Он поблагодарил Аманду за любезность и дал ей номер своего телефона в Галифаксе, а также номер мобильного – вдруг Мишель решит ему позвонить.
У Джека была с собой целая гора литературы для чтения в самолете, начиная со сценария Максвини, который он прочел дважды. Назывался он «Взрыв в Галифаксе» и написан был по мотивам романа Майкла Берда «Убитый город», документальной хроники катастрофы в столице Новой Шотландии, изданной в 1967 году. Книга Берда оказалась лучшим, что взял с собой в самолет Джек, – Максвини обошелся с ней как мясник.
Итак, 6 декабря 1917 года в узком месте пролива, соединяющего залив Бедфорда с гаванью Галифакса (и далее – с Атлантикой), столкнулись два корабля.
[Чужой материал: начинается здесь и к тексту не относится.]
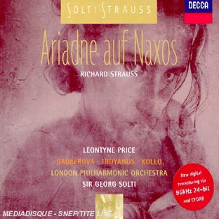 | Liste des pistes | 2.1 . es ist alles vergebens...es gibt ein reich - Richard Strauss 2.2 . die dame gibt mit trubem sinn - Richard Strauss 2.3 . grossmachtige prinzessin, wer verstunde nicht - Richard Strauss 2.4 . noch glaub ich dem einen ganz mich gehorend - Richard Strauss 2.5 . hubsch gepredigt! aber tauben ohren! - Richard Strauss 2.6 . ein schones wunder! - Richard Strauss 2.7 . circe, kannst du mich horen? - Richard Strauss 2.8 . circe, ich konnte fliehen! - Richard Strauss 2.9 . wie? kennst du mich denn? - Richard Strauss 2.10 . gibt es kein hinuber? - Richard Strauss 1.1 . mein herr haushofmeister! - Richard Strauss 1.2 . hier finder euer gnaden die mamsell zerbinetta - Richard Strauss 1.3 . eselsgesicht! sehr unverschamter frecher esel! - Richard Strauss 1.4 . hat der herr leicht ein stuckerl schreibpapier? - Richard Strauss 1.5 . ihnen allen habe ich eine plotzliche anordnung - Richard Strauss 1.6 . ich weiss nicht, wo mir der kopf steht - Richard Strauss 1.7 . ein augenblick ist wenig - Richard Strauss 1.8 . an ihre platze, meine damen und herren! - Richard Strauss 1.9 . ouverture - Richard Strauss 1.10 . schlaft sie? - Richard Strauss 1.11 . ach! wo war ich? tot? - Richard Strauss 1.12 . ein schones war : hiess theseus-ariadne - Richard Strauss |
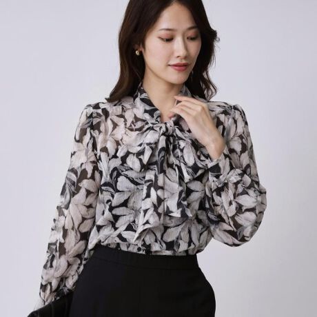 きれいで華やかなムードが漂うフェミニン顔のブラウスです。
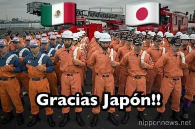 Japón fue el segundo país en llegar a la capital con 72 brigadistas especializados en derrumbes, quienes portaban herramientas de alta tecnología para levantar escombros. Trabajaron en el derrumbe de la escuela Rébsamen.

Французское судно «Монблан», груженное боеприпасами (две тысячи тонн пикриновой кислоты и двести тонн тротила), отправлялось в Бордо, норвежское судно «Имо» прибыло в Галифакс из Роттердама и собиралось далее плыть в Нью-Йорк.
После столкновения на «Монблане» начался пожар, не прошло и часа, как смертоносный груз взлетел на воздух. Люди со всего города собрались смотреть на пожар, они не подозревали, что тоже взлетят на воздух. Погибли две с лишним тысячи человек, девять тысяч были ранены, а двести человек навсегда лишились зрения.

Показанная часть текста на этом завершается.